Trieste (TS) - E’ stata inaugurata mercoledì 30 maggio, nella Sala Comunale d’Arte di piazza dell’Unità d’Italia 4, la mostra personale di Adriana Rigonat “Passeggiando con Irma la Dolce”, che rimarrà aperta fino al 19 giugno 2012, dalle 10 alle 13 e dalle 17 alle 20.
Pittrice feconda, Adriana Rigonat presenta in quest’occasione una mostra tematica curata da Isabella Bembo.

Con un suo tocco garbato ci introduce nel suo lavoro introspettivo con una visione delle donne non consueta. Non ritratti, non visioni di intense bellezze, non figure di affascinanti fanciulle, ma silhouettes appena tratteggiate, che popolano sinuose campiture dai colori intensi.

Sono donne trasparenti, che camminano in un andirivieni abitudinario, che sostano in pose decomposte in uno scenario vuoto che muta solo con il vibrare della luce.
Sono le «lucciole» di Adriana Rigonat, donne un po’ ai margini della cosiddetta rispettabilità, che l’artista restituisce a noi come involucri di persone sulle quali riflettere.

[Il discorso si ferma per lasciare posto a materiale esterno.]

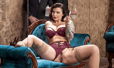 lussuosa moglie di superslut buxomy in ff nylons beccata da un grosso cazzo nero

Nella penombra dei colori, le figure sono trattate con tratto nero e sottile, con rispetto, con pudore. Sono donne senza volto, senza occhi, trasparenti, consunte come le reliquie che il mare porta sulla spiaggia dopo la tempesta. Sono evanescenti e nello stesso tempo presenti, senza colori, prive di identità. Non hanno nulla di femminile: non c’è grazia, non c’è bellezza, ma c’è squallore unito a una faticosa diversità. Sono simulacro drammatico della sofferenza e dell’infelicità.

Adriana Rigonat fa di questo tema, sempre di scottante attualità, una piccola, grande denuncia discreta. Si avvicina a loro in punta di piedi, e nel pennello, il tocco leggero di una farfalla. Osserva la loro solitudine, il vuoto profondo che le circonda e che le abita.
"Irma la dolce", il richiamo a una commedia di Billy Wilder, vuole suggerire questi scorci di vita, un sentire, intenso e degno di considerazione dell’essere persona.

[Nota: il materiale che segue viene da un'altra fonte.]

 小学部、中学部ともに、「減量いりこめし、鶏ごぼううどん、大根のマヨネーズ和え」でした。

Tanti quadri, tante scene, come tante finestre aperte in una notte buia lungo una strada dove è capitato a tutti d’incontrare una Donna che cammina sola nella notte.

Le opere esposte sono realizzate con tecnica mista su carta e realizzate in quest’ultimi due anni d’attività, ma Adriana Rigonat ha iniziato a dipingere nel 1999, arricchendo il suo percorso di continue ricerche e sperimentazioni, seguendo corsi d’importanti Maestri.
Ha esposto sia in Italia che all’estero ricevendo numerosi premi e riconoscimenti, non ultimo, un premio d’onore alla Biennale d’Asolo 2012.